Kitlelerin karşısındaki bu asalak sınıf, “böl, yönet, cahil bırak” stratejisiyle toplumu parçalayarak her türlü direnişi bastırmaktadır. Tarih, bu tür sömürü düzenlerinin isyanlarla yıkıldığını göstermiştir. Ancak isyanların başarıya ulaşması için örgütlü bir devrimci irade gereklidir. Devrimciler, militarist eğilimlerle sınırlı kalmak yerine kitleleri devrimci pratikle buluşturacak bir örgütlenme modeli geliştirmelidir. Devlet, toplumun tüm hücrelerine nüfuz etmiş durumdadır. Bu nedenle ona karşı mücadele, net ve radikal bir tavır gerektirir. Ya sermayenin tahakkümüne son verilecek ya da onun kölesi olunacaktır. Üçüncü bir seçenek yoktur.

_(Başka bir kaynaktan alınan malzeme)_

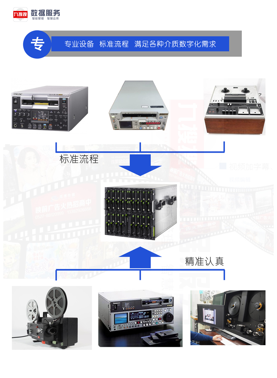 九搜搜公司现有经验丰富的管理团队,拥有各种影音介质数据专业读取设备近200余套。自主研发数字化加工管理系统流程,完善的管理制度和保密制度,为客户音像档案数字化服务提供有效的安全保障。为客户提供驻场、离场等多种服务模式。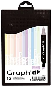 Graph'it markery na bazie alkoholu, zestaw 12 sztuk, 2 końcówki Soft Colors

Burjuvazi, “Değişim seçimle olur” yalanını pompalayarak sistemi meşrulaştırmaya çalışmaktadır. Oysa gerçek kurtuluş, üretim araçlarının sermayenin elinden alınıp emekçilerin kontrolüne geçmesiyle mümkündür. Fabrikalar, topraklar ve üretim araçları, işçi kooperatifleri ve kolektif, öz yönetimler tarafından yönetilmelidir. Bu hedefe ulaşmak için devrimciler, yerel direniş odakları oluşturmalı, alternatif üretim modellerini hayata geçirmeli ve kitleleri bu mücadeleye dahil etmelidir. Devletin baskı aygıtlarına karşı mücadelenin yanı sıra asıl hedef olan sermaye sınıfının kendisine yönelik örgütlü bir devrimci strateji geliştirilmelidir.

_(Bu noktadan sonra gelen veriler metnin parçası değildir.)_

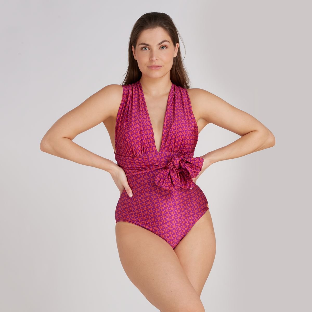Elke dag van de week een andere look bij het zwembad, aan het strand of op je balkonnetje? Dat kan met ons multiway badpak. Dankzij het slim te knopen lint draag je het steeds weer net even anders. Ook de bovenkant en schouderbandjes zijn op verschillende manieren te stylen. Zo handig! Het striklint kun je zowel aan de voorkant als aan de achterkant knopen. De bovenkant en de bandjes kun je ook draaien en knopen waardoor deze zowel over beide als over een schouder gedragen kan worden. En, helemaal anders, wat denk je van een twisteffect? Je blijft verrassen waar je ook een duik neemt! Los van de vele mogelijkheden is het ook nog erg fijn om te dragen. Het badpak is dubbellaags wat zorgt voor veel draagcomfort. De voorgevormde cups geven ook een prachtaccent op je decolletĂ©. Zo mooi dat je ‘m zelfs als top kunt dragen! Dit multitalent is verkrijgbaar in meerdere kleuren en prints.

Sermaye, toplumu etnik, dini ve kültürel kimlikler üzerinden bölerek sınıf bilincini zayıflatmaktadır. Oysa emekçiler için asıl ayrım, sömürenlerle sömürülenler arasındadır. Kimlikler ve kültürel farklılıklar bir zenginliktir ancak bunlar sınıf mücadelesinin önüne geçmemelidir. Devrimci örgüt, toplumsal ayrışmayı derinleştiren her türlü gerici söyleme karşı mücadele ederek işçi sınıfının birliğini sağlamalıdır. Bunun yolu, en bilinçli devrimcilerin öncülüğünde anti-kapitalist bir perspektifle hareket etmekten geçer.
Bugün karşı karşıya olduğumuz seçim nettir: Ya sermayenin acımasız sömürü düzenine son vereceğiz ya da onun kölesi olarak yok oluşa sürükleneceğiz. Devrimciler, kitlelere öncülük ederek gerçek kurtuluşun sosyalizmde olduğunu göstermelidir. Unutulmamalıdır ki tarih ya devrimcilerin eseri olacaktır ya da sermayenin mezarlığı. Devrimci hareket, bu gerçeği göz ardı ederek reformist yollara sapmamalı, sistemle köklü bir hesaplaşmaya hazırlanmalıdır. Aksi takdirde devrimci iddialar sadece retorikten ibaret kalacak ve sermayenin tahakkümü karşısında bir alternatif oluşturulamayacaktır.